We are proud to announce a new release of Snowplow:
This release is one the most-community driven release we’ve ever done, a huge thanks to everyone involved:
If you’re looking to contribute, we’ve significantly revamped our contributing guide.
Apart from containing great community contributions, this release revolves around new capabilities for the real-time pipeline!
4 Likes
Hi @BenFradet,
thanks for releasing yet another great increment to the real time pipeline.
However, I would like to challenge the decision about truncating the X-Forwarded-For
header field. We heavily rely on the whole list of IP-addresses or domain names present in that header field.

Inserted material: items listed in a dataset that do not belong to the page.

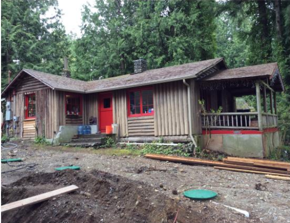
Grade 5/ Year Built 1939/ Total Living Area 1,190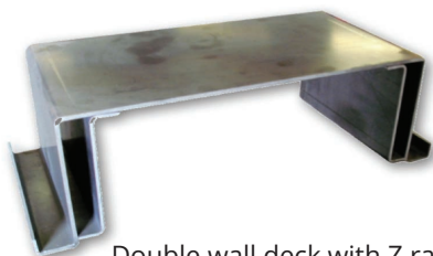
Double wall deck with Z rail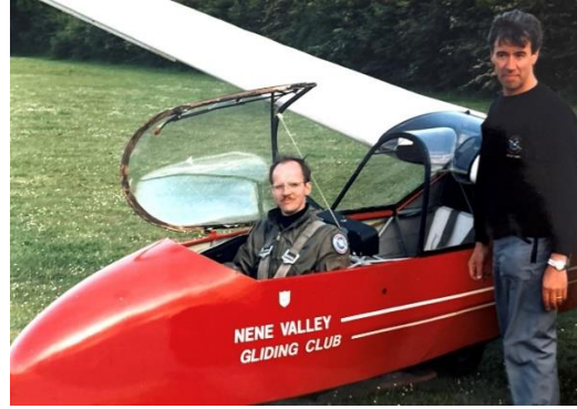
Another day, another trainee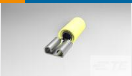
TE Part # 640907-2 RECEPT,PIDG FASTON 12-10 250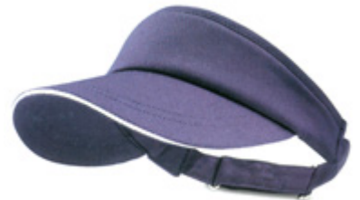
Product ID VIS-SUN1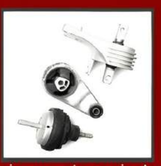
Engine mounts now in stock

- Corporate and private users can be proxy’fied from different networks but still have same internal IP (
X-Forwarded-For: 192.168.123.45,cache.acme.com,gw.acme.com,cache.acme-s-isp.com
vs X-Forwarded-For: 192.168.123.45,home-isp-cache.foo.com
)
- Traffic compression servers like Opera Mini can put different kind of values into the header field. In example you can see 127.0.0.1 as first entry
I think it should be up to the snowplow stack user to decide what to do with the header, and maybe use a header enrichment which we contributed a few years back to selectively read from X-Forwarded-For
header and truncate to their liking?
What do you think?
Hey @christoph-buente,
The only truncation we do surfaces in user_ipaddress
, the headers are left intact. As such you can still use the header enrichment if you want to keep the whole chain of ip addresses.
2 Likes
Thanks @BenFradet for clarifying. I was under the impression the collector is changing the header field and there is no way anymore to access the original headers during enrichment phase.
Then please ignore my concerns
No worries, sorry if the explanation wasn’t clear enough.